This is what major threat actors were up to in 2018

• Malicious activities carried out by Sofacy, Turla and CozyBear were the main highlights of the year.
• Sofacy or APT28 was found shifting its focus to the Far East in 2018.

2018 has witnessed numerous massive attack campaigns carried out by several skilled threat groups. Over the past year, many new threat actors emerged, while some older threat groups made a comeback after taking a sabbatical.

However, few hacker groups maintained their consistency of attacks using sophisticated hacking methods and malware. These threat actors were found using different approaches to conduct a successful attack. Here’s a look at some prominent threat actor groups that made some noise in cyberspace over the past year.

The big leagues

Malicious activities carried out by Sofacy, Turla and CozyBear were the main highlights of the year. In 2018, security researchers discovered these Russia-linked hacker groups improving their toolsets and operations to avoid detection, and deploy malware on targeted computers.

According to Kaspersky Lab, Sofacy was the most active of the three groups. The group, also known as Fancy Bear or APT28, was found shifting its focus to the Far East in 2018. It targeted both government and military agencies using three prominent malware variants tracked as SPLM, GAMEFISH, and Zebrocy.

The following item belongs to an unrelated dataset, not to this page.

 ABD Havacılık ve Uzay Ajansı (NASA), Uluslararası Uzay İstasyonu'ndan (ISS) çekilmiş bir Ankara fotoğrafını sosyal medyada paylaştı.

SPLM, a backdoor malware, is considered to be Sofacy’s primary tool, while Zebrocy is used for high volume attacks. In early 2018, Sofacy targeted large air defense commercial firms in China with SPLM and deployed Zebrocy widely across Armenia, Turkey, Kazakhstan, Tajikistan, Afghanistan, Mongolia, China, and Japan.

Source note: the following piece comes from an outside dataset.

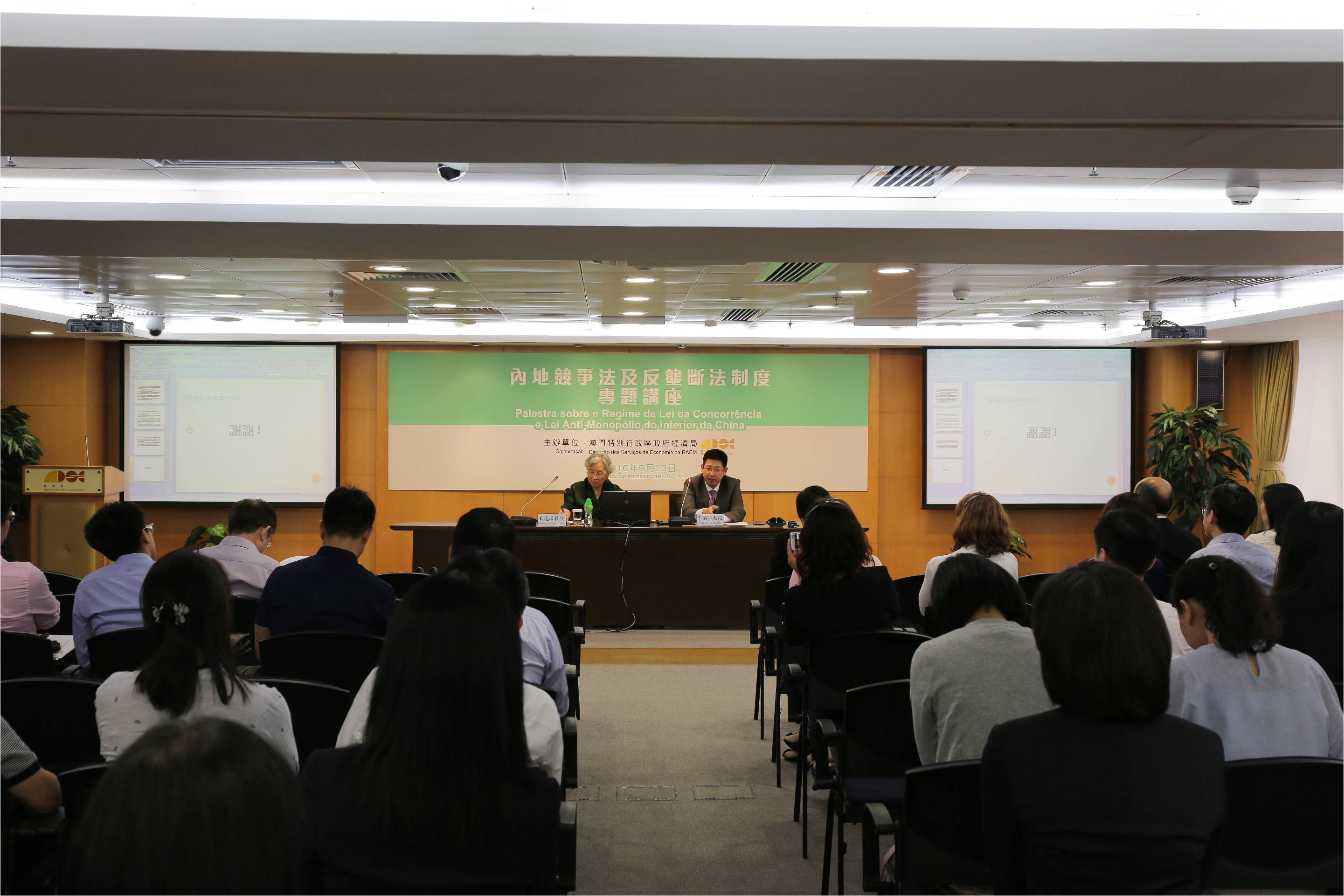 Para participar na Palestra, foram convidados dois académicos distintos, considerados autoridades do Interior da China na área da Lei da Concorrência e da Lei Anti-Monopólio, o Professor Wang Xiaoye, Doutor em Direito pela Universidade de Hamburgo, Alemanha, Investigador do Instituto de Estudos de Direito da Academia de Ciências Sociais da China, e o Dr. Li Honglei, Coordenador do Instituto de Direito Constitucional e Direito Administrativo da Academia de Ciências Sociais da China, que procederam à apresentação de vários temas relacionados com a Lei Anti-Monopólio do Interior da China, nomeadamente elaboração e aplicação, problemas enfrentados na sua aplicação e perspectivas do seu aperfeiçoamento, bem como mecanismos, medidas e resultados da implementação da lei da concorrência, perspectivas de evolução futura, entre outros. O Professor Wang Xiaoye considerou que a Lei Anti-Monopólio do Interior da China já se tornou uma das leis anti-monopólio com mais impacto no mundo, graças à reforma do sistema económico da China, a Lei Anti-Monopólio tem cada vez um papel mais importante no sistema jurídico da China. O Dr. Li Honglei referiu que a Lei da Concorrência do Interior da China se encontra, de momento, a ser revista, visando reforçar a Lei e harmonizar-se com outras legislações.

The APT28 is also credited for deploying OlympicDestroyer malware at the Winter Olympics in Pyeongchang, South Korea.

Lazarus or HIDDEN COBRA was observed targeting several institutions in different regions including Turkey, Asia, and Latin America. The group’s target includes, but is not limited to, cryptocurrencies and financial institutions. In its more recent campaigns, Lazarus started deploying a new malware named ThreatNeedle.

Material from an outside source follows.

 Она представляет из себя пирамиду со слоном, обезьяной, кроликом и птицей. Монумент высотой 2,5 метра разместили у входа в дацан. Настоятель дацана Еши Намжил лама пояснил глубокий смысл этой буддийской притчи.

Meanwhile, Turla evolved with enhanced capabilities and toolsets. Researchers noted that the hackers used some interesting implants, such as LightNeuron to target Exchange servers and a new backdoor malware to infect Germany’s Federal Foreign office in 2017. It is also responsible for using a new variant of Carbon malware to target embassies and foreign affairs institutions throughout the year.

New kids on the block

Many hacker groups emerged this year and were found focusing primarily on targets located in the Middle East and Southeast Asia. This includes new Asian hacker groups such as ShaggyPanther, Sidewinder, CardinalLizard, TropicTrooper, DroppingElephant, Rancor, Tick group, NineBlog, Flyfox and CactusPete - all of whom have been active throughout the year. Although the groups were not technically equipped, they used a variety of approaches to achieve their objectives.

In the Middle East, LazyMerkaats, FruityArmor, OpParliament, DarkHydrus, and DomesticKitten were the prominent new hacker groups to target both government and military agencies. Meanwhile, eastern European countries and former Soviet Republics witnessed attacks from the new groups such as DustSquad, ParkingBear, and Gallmaker.

The comeback kings

Several hacking groups re-emerged after a long hibernation period, with new activities and toolsets.

The Kimsuky APT retained its focus, targeting South Korean think tanks and political activities. The group renewed its attack framework to conduct cyber espionage. Other groups such as DarkHotel, LuckyMouse, and APT10 also made a notable comeback in different attack campaigns in 2018.

DarkHotel came back with new zero-days and exploits to target their old victims. These zero-days were deployed to hack into Internet Explorer’s scripting engine.

Meanwhile, LuckyMouse, a Chinese hacker group, was also active throughout the year. It deployed watering-hole attacks to hack national data centers in Central Asia and is suspected to be behind attacks against Oman.

APT10 was especially active against Japanese victims, using new iterations of its malware - OceanLotus. Among the others, ScarCruft was observed using a new backdoor called PoorWeb to deploy a zero-day campaign at the beginning of the year. It was also responsible for using Android malware that was specially designed for Samsung devices.

New activities from MuddyWater, the GazaTeam, DesertFalcons, and StrongPity were also detected in different regions, Kaspersky reported.